1.3. De interne markt en het effect op de besluitvorming van bedrijven


De verschillende behandeling van grensoverschrijdende verliezen door de lidstaten heeft gevolgen voor de werking van de interne markt. De wijze waarop grensoverschrijdende verliesverrekening is geregeld, is niet zonder invloed op bedrijven als het erom gaat te besluiten of, en zo ja, hoe zij een nieuwe markt betreden. De onmogelijkheid (of beperkte mogelijkheid) tot grensoverschrijdende verliesverrekening werpt een obstakel op om andere markten te betreden, waardoor de kunstmatige fragmentatie van de interne markt langs nationale lijnen verder in stand wordt gehouden.
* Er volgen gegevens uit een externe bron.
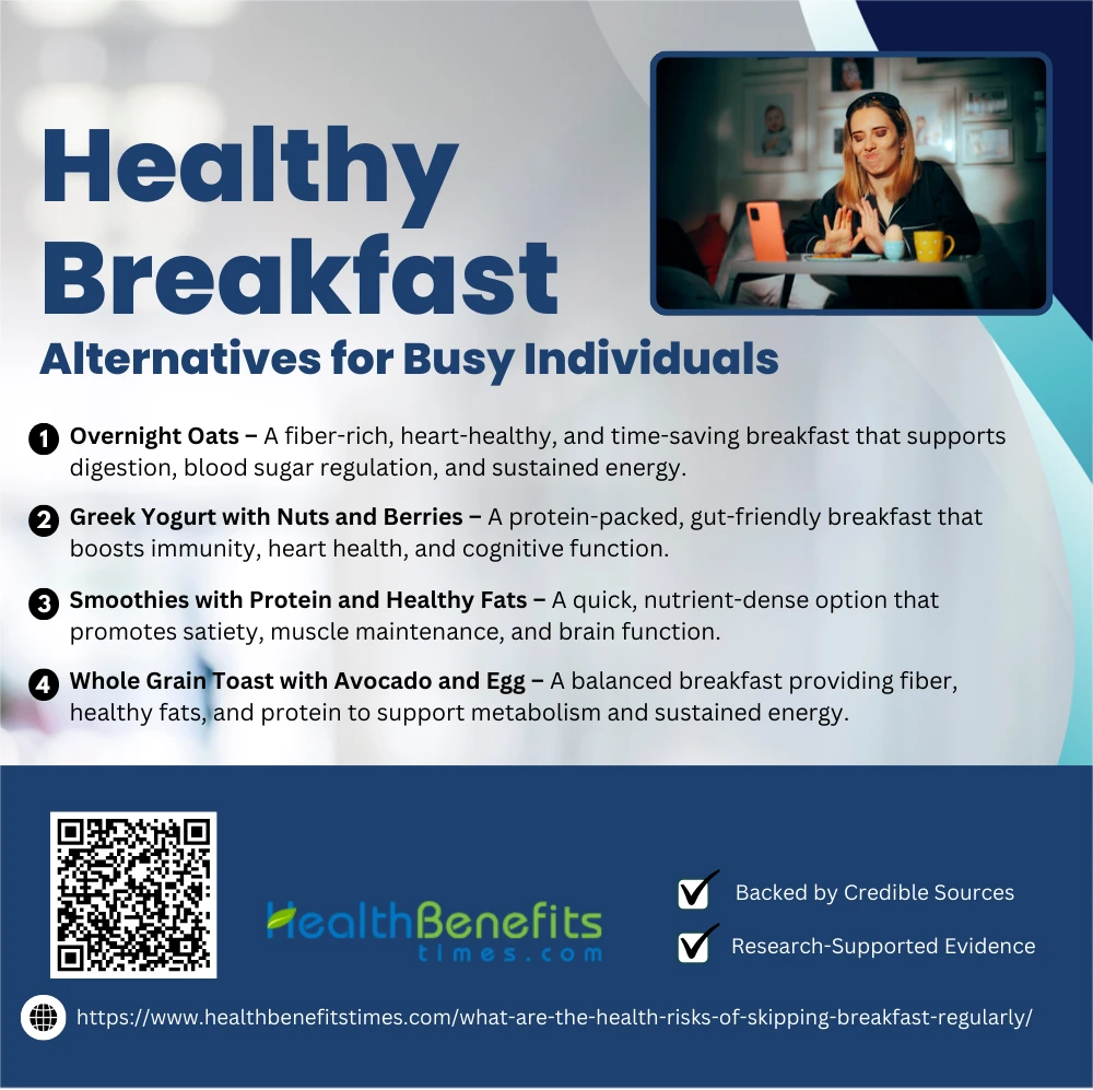 Busy individuals can enjoy quick, nutritious breakfasts like smoothies, overnight oats, yogurt with fruit, or whole-grain toast with protein to maintain energy, focus, and overall health.

Dit bevoordeelt ondernemingen in grote lidstaten, die op hun binnenlandse markt grotere voordelen van schaal en omvang kunnen realiseren, ten opzichte van mogelijke concurrenten uit kleinere lidstaten, ook als deze innoverender en efficiënter zijn. Grotere ondernemingen ontwikkelen doorgaans een grotere bedrijvigheid in verschillende lidstaten ten opzichte van kleinere ondernemingen, waardoor zij verliezen gemakkelijker kunnen opvangen. Op dezelfde manier worden lidstaten met een grotere binnenlandse markt bevoordeeld, omdat de kans groter is dat ondernemingen daar al hebben geïnvesteerd en dus verliezen uit bepaalde activiteiten kunnen verrekenen met de positieve belastinggrondslagen uit andere activiteiten. Het probleem speelt sterk bij midden- en kleinbedrijven ten aanzien van aanloopverliezen uit nieuwe investeringen in het buitenland i. Als grensoverschrijdende verliesverrekening niet of slechts gedeeltelijk mogelijk is, heeft dit dus tot gevolg dat:

- investeringen in het binnenland worden gestimuleerd en investeringen in andere lidstaten worden afgeremd;

- grensoverschrijdende investeringen in grotere lidstaten worden bevoordeeld;

- grote ondernemingen worden bevoordeeld in vergelijking met midden- en kleinbedrijven wat grensoverschrijdende investeringen betreft; en

- de keuze tussen een vaste inrichting of een dochteronderneming als ondernemingsvorm wordt beïnvloed.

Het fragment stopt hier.